In his January 6th blog update, former Verbicide Magazine columnist Mark Huddle wrote, “I loved writing for Verbicide. I am going to miss it. I’ve felt badly for Jackson and his publishing life-partner Nate Pollard. They’ve put a ton into this enterprise and the ever-trite designation of ‘labour of love’ doesn’t begin to do their efforts justice. But they are both immensely talented people. There will be new projects coming down the pike and I know that they will both make me proud. God bless them.”
It’s always sad when a magazine dies. Well, not always: yoga magazines, automotive magazines and magazines about fish, it’s not sad if those kind of rags die.
As I sit in the luxurious Broken Pencil office surrounded by lonely cardboard boxes, plastic army men and countless packages addressed to people who are no longer with us, I wonder what the fuck is the point? I mean, there is a point, I guess, to recreate, share, download, crop and byline year after year after year. It’s part of the social norm that is publishing, even if the only reward is a small bottle of water once a month and a half-pellet of food.

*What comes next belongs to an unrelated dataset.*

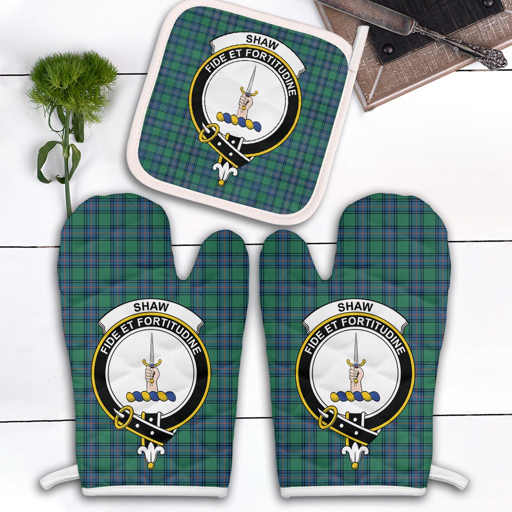 Shaw Ancient Tartan Crest Oven Mitt And Pot Holder (2 Oven Mitts + 1 Pot Holder)

When the news came in that Verbicide, our comrade to the south, went belly-up, I was shocked. Verbicide was grungy, fun, full of weirdos and a good little dog. At the onset of 2009, the US-based magazine released its 25th and final issue. Like Broken Pencil in many ways, Verbicide was quirky, all over the place and dedicated to a lot of independent artists. Each issue had an indie author spotlight, (Hal Niedzviecki, Brian Joseph Davis and Chandra Mayor to name three in recent issues) independent music and film and original fiction and poetry were also showcased. That’s sorta been Jackson Ellis’s idea from the beginning.

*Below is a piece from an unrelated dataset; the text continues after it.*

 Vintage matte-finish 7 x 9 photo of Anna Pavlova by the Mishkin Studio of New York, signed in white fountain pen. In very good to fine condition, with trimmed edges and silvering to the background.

Verbicide was no yoga magazine. It didn’t deserve the same fate as Canada’s Ascent or other magazines that collapse haplessly and die. No, Verbicide was a curious creature, a fun arts magazine that seemed to originally hail from Vermont. To give you an idea of what it was like, Verbicide was a mixture of an indie zine, with a dash of Punk Planet and a pinch of Broken Pencil. A pretty hefty pinch. They liked their wacko fiction as well, and featured stuff by Joe Meno and Rick Jankowski.
Ellis started the magazine in 1999, making the first issue by hand and cut and paste in the summer following his freshman year of college. At 12 pages, with some poetry, a few photos, some rants and “some stupid pictures I clipped out of comics and cereal boxes,” Ellis says it was nothing too impressive. Over the next year or so, he began collaborating with some friends until they had enough for what would be a more evolved version of the magazine.
Ellis says most of the writing was done by his friends Christopher Connal and Leanne O’Connor, as well as Jackson himself. “In fall of 2000 I made Verbicide issue two, another cut and paste job, and on election night of 2000 I met Douglas Novielli at a Rancid show in Boston. He was a friend of Chris Connal’s. He happened to run a literary webzine, Terraspatial, and we decided to join forces.”
Shortly thereafter, the collective formed Scissor Press, the media company umbrella under which several projects are published, and in June of 2001, issue three of Verbicide was printed–the first professionally printed issue. “It was poorly designed, rife with errors, and was only 48 pages of newsprint, but it was a big step for us.”
Jump forward to 22 issues and a half-decade and some change and the magazine had reached its last mile. Ellis says the publication of Verbicide has been a true labour of love, and Scissor Press will continue to release things in the future. “So far we are planning to release two benefit compilation CDs [to be co-released with GC Records], as well as a comic book or two.”
Currently at the Scissor Press web-store, all 25 issues are on sale for $3.95, including my favourite issue, focused entirely on unsigned bands. You can peruse some of the articles online as well as take a peak at some of their music side projects.
“Once things settle down in the next month or so we’ll decide exactly where to go with that,” says Ellis. “We might start cranking out some new projects to fill the void left by Verbicide. I always hoped we’d keep Verbicide in print indefinitely, and I certainly didn’t want to be forced to retire the magazine due to financial reasons, but I am hoping that from the ashes something better will rise.”